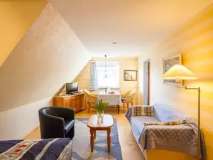 1-Raum-Ferienwohnung für 1-2 Personen - 28 qm - Dachgeschoß, Dünenweg 16 - Wohnung "Blauer Salon". Wohn-Schlafraum: Ehebett , Couch, 1 Sessel, TV, Esstisch mit 2 Stühlen, Laminatfußboden. Küche: 4-Platten-Cerankochfeld, Backofen, Geschirrspülmaschine, Kühlschrank, Spüle, kompl. ausgestattet mit Geschirr und Hausrat, Esstisch mit 2 Stühlen, Fliesenboden. Bad: Dusche, WC, Waschbecken, Ablage, Fliesenboden. WLAN wird kostenlos angeboten - eine Gewähr auf Verfügbarkeit besteht nicht. Haustiere sind in dieser Wohnung nicht gestattet.Beschreibung der Unterkunft
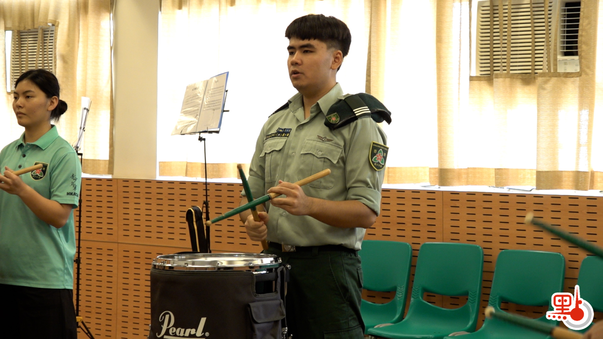 如今的李伯右身上,已全然看不到昔日的青澀、紀律觀念的影子,他身姿筆挺、談吐清晰,甚至在教官忙碌時主動協助記者推進拍攝進度。被問起現時的訓練日常,李伯右介紹自己如今任鼓樂隊隊長,每周五來總會統籌訓練,並告知隊員們表演日程等安排。自2019年成立以來,鼓樂隊已完成超過20場表演。李伯右有時也會負責儀仗隊的任務,例如參加金紫荊廣場的升旗儀式、接待內地高校訪港團等,亦在總會參與人群管理等服務性工作。
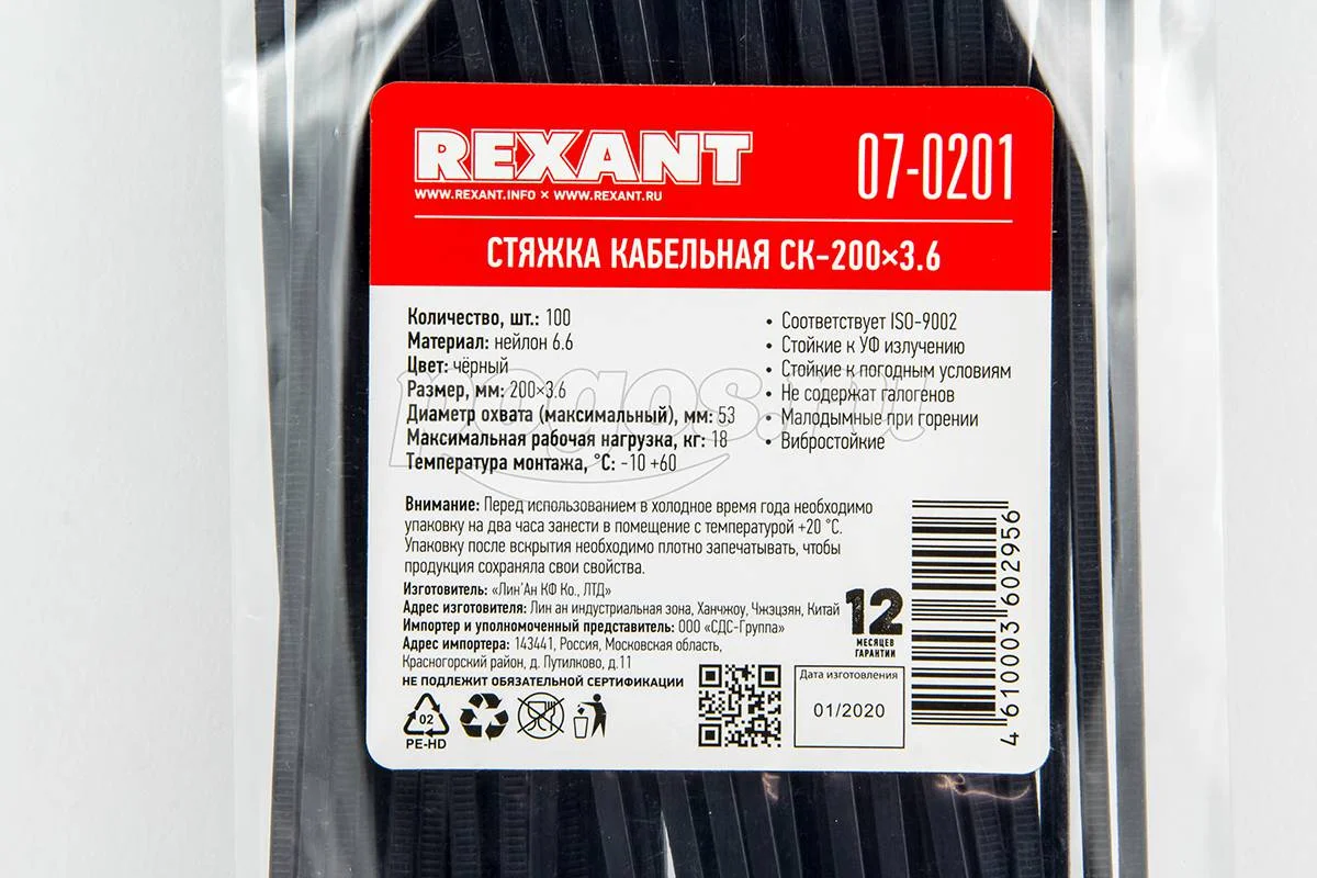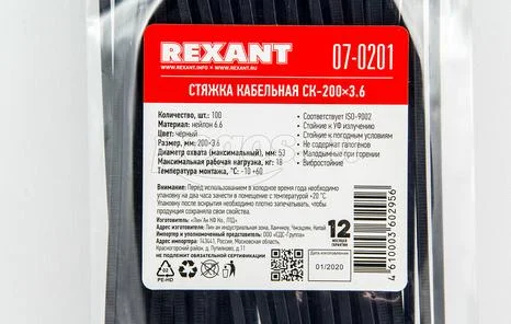 Кабельная стяжка 3,6x200 мм (черная, упаковка 100 шт.) REXANT

▸ **Required work**:
No pictures belong in the answer; copy all other parts of the listing exactly.

▸ **Answer area**:
 1-Raum-Ferienwohnung für 1-2 Personen - 28 qm - Dachgeschoß, Dünenweg 16 - Wohnung "Blauer Salon". Wohn-Schlafraum: Ehebett , Couch, 1 Sessel, TV, Esstisch mit 2 Stühlen, Laminatfußboden. Küche: 4-Platten-Cerankochfeld, Backofen, Geschirrspülmaschine, Kühlschrank, Spüle, kompl. ausgestattet mit Geschirr und Hausrat, Esstisch mit 2 Stühlen, Fliesenboden. Bad: Dusche, WC, Waschbecken, Ablage, Fliesenboden. WLAN wird kostenlos angeboten - eine Gewähr auf Verfügbarkeit besteht nicht. Haustiere sind in dieser Wohnung nicht gestattet.Beschreibung der Unterkunft
 如今的李伯右身上,已全然看不到昔日的青澀、紀律觀念的影子,他身姿筆挺、談吐清晰,甚至在教官忙碌時主動協助記者推進拍攝進度。被問起現時的訓練日常,李伯右介紹自己如今任鼓樂隊隊長,每周五來總會統籌訓練,並告知隊員們表演日程等安排。自2019年成立以來,鼓樂隊已完成超過20場表演。李伯右有時也會負責儀仗隊的任務,例如參加金紫荊廣場的升旗儀式、接待內地高校訪港團等,亦在總會參與人群管理等服務性工作。
 Кабельная стяжка 3,6x200 мм (черная, упаковка 100 шт.) REXANT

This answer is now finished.